As you can see, I also went a step further and populated the level with walls that would be destroyable (in the case of Bomberman, with bombs). This is just for visual interest, in an actual game I imagine you'd have to make previous test to define preset powerups, enemy distribution, etc. There are countless other techniques that you could use to turn this into a full game or prototype.

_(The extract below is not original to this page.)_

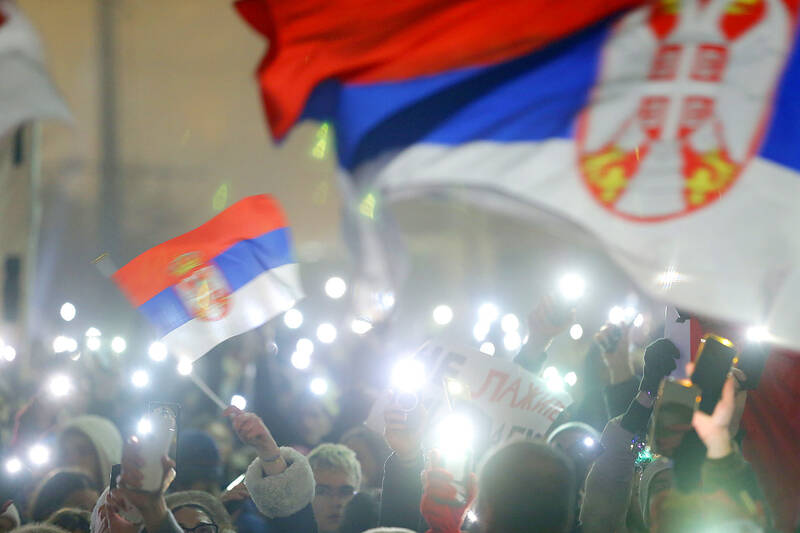 In Belgrade, university students marched through the capital city’s center late on Tuesday, where local authorities had organized New Year’s Eve celebrations with music and performance programs.

(LAST WORDS: As you may imagine, the function we created is trying to see if it can connect another structure, similar to the one we hard codded in the beginning, by selecting a random point in the grid and doing the proper checks. Doing this randomly gives the map a dungeonlike feel. You could try to make the program check different combinations of cells BUT MAKE SURE PASSABLE WAYS CONNECT, otherwise the code might create closed off pockets of space making certain areas unreachable - unless you want that).